Skip to content

Unexpected higher latencies during rolling upgrade #8189

@helenapoleri

Description

@helenapoleri

Describe the bug
We have a setup with 3 Kafka nodes. We have a system A producing records to Kafka, which are consumed by a system B. System B does some processing and produces response records to be consumed by system A.

We are experiencing unexpected higher latencies end-to-end latencies when using Strimzi and performing a rolling upgrade. We are using the default configurations.

End-to-end latency (measured at system A):
kafka-latency-rolling-edited

We have tried doing a manual restart of the Kafka pods (by killing the Kafka process PID (with a SIGTERM) for each pod and waiting for the latencies to stabilize) and we are not seeing the same behaviour.
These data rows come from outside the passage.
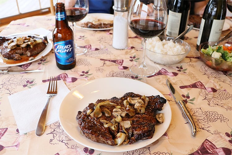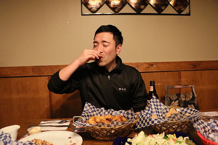 商談終了後に、もしよかったら夕食を一緒に食べようと工場のオーナーに誘われたので自宅に行ってみると、奥さんや子ども達も一緒です。そこでオーナー自ら焼いてくれた500gの特大ステーキと、お気に入りの赤ワインをご馳走になりました。初めて会ったのにどうしてここまでしてくれるのかと聞くと、「大手水産商社は取扱量も多い重要なパートナーだけど、あなたはファミリーだ。これからも応援しているよ。」と言ってくれました。大手水産商社と比べると取扱量は圧倒的に少ないけれども、わざわざ日本からカナダにやって来て、甲羅組のユニホーム姿で楽しそうに漁船に乗ったり、工場の写真を撮りまくっているのが新鮮だったのかもしれません。笑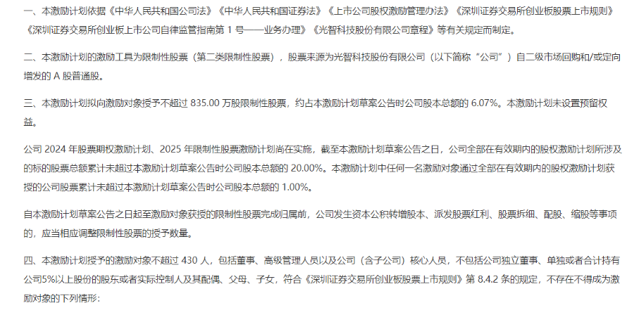 然而,上述定增融资最终均已失败告终。此后,光智科技推出了激励计划。2025年11月,光智科技推出股权激励计划,拟通过定向发行股票以及提取激励基金买入流通股的方式,向包括董监高在内的不超过430名员工授予股票,行权价格为21.02元/股。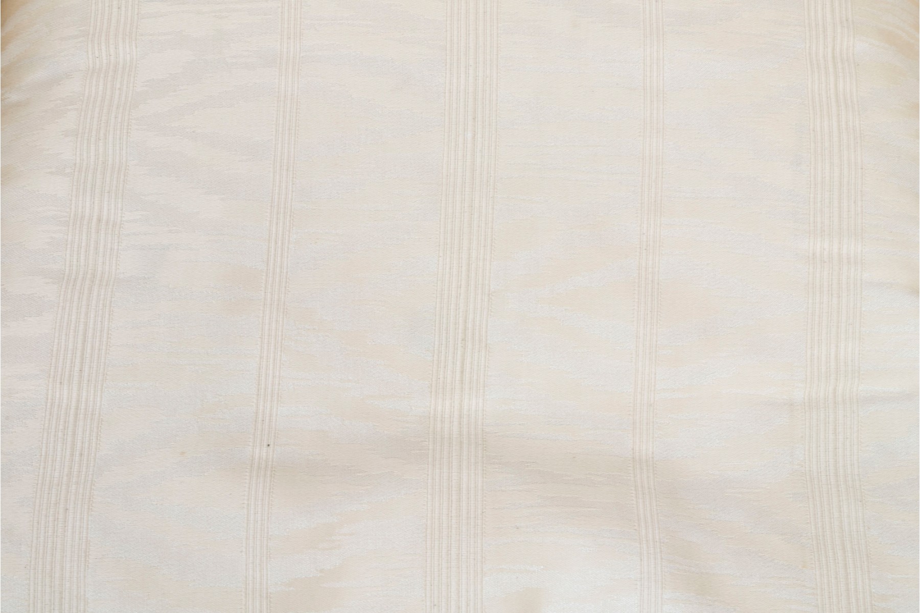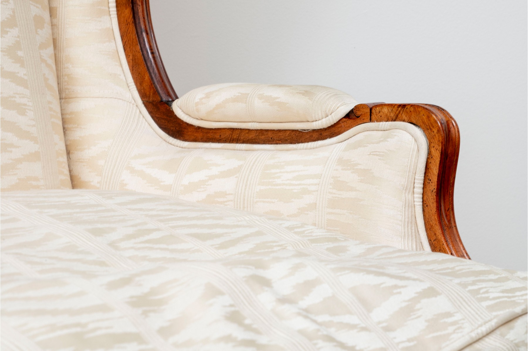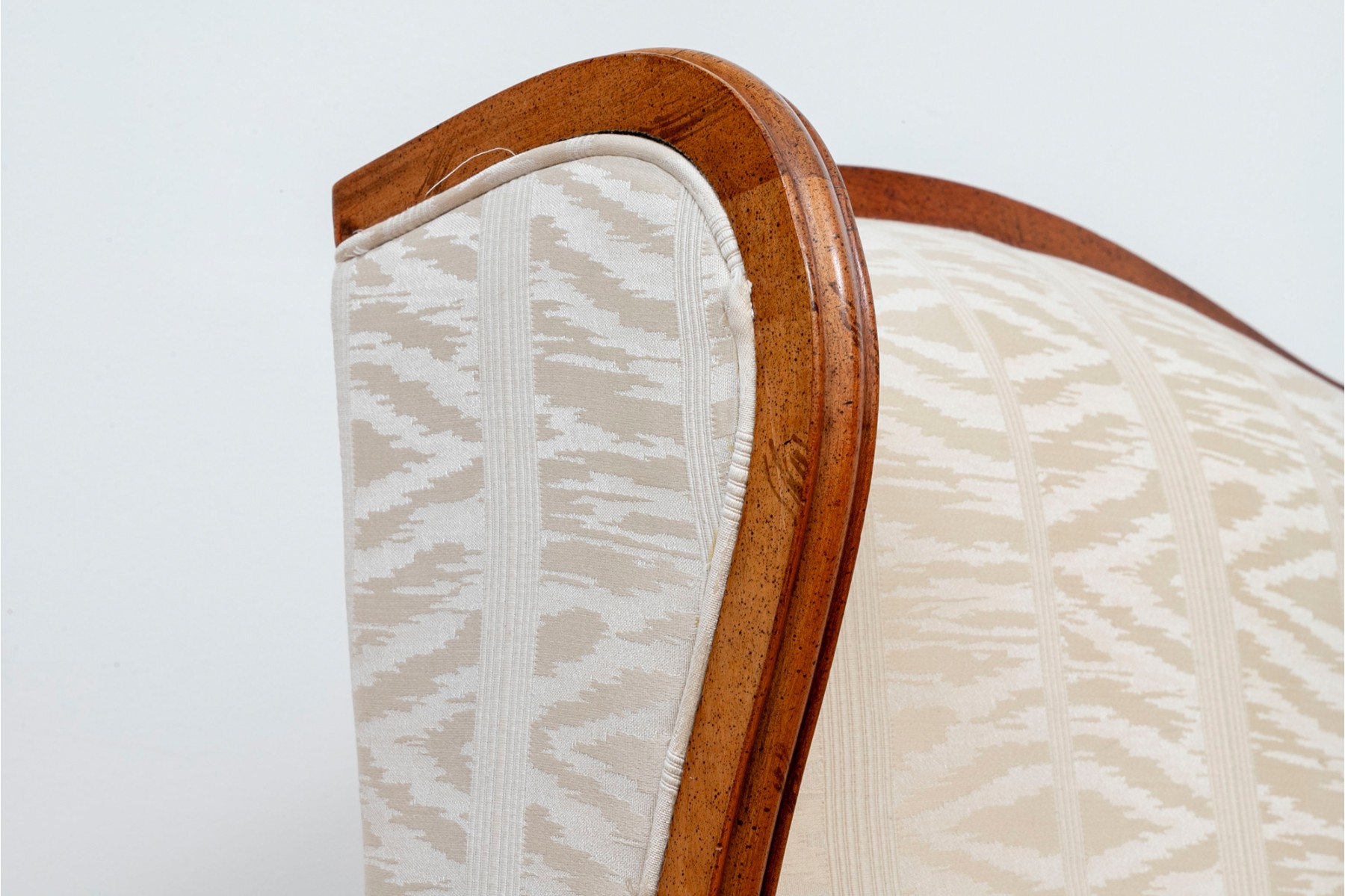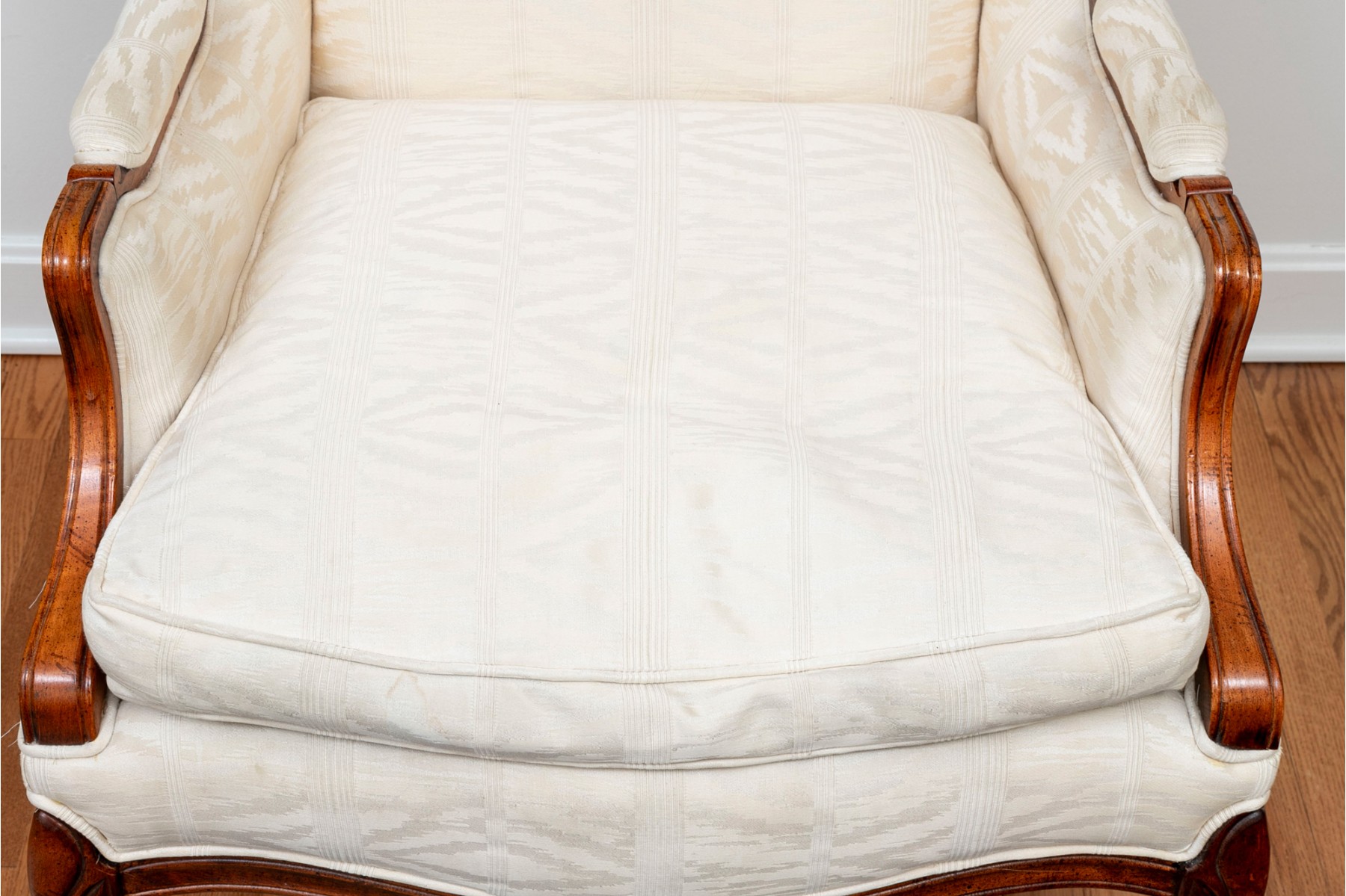 A handsome wingback chair having a stained fruitwood frame. The whole upholstered in an ivory fabric, fitted with a loose down-filled seat cushion.

End-to-end latency (measured at system A:

latency-kafka-manual-edited

While it might be expected that during a rolling upgrade we see a spike in latencies, we were not expecting to see such a big difference between the manual restarts and the rolling upgrade.

To Reproduce
We are reproducing by just triggering a rolling upgrade (with no changes).

Expected behavior
We are expecting at least to have similar latencies to when we perform the restarts manually, but we also don't know whether this is expected behaviour using Kafka.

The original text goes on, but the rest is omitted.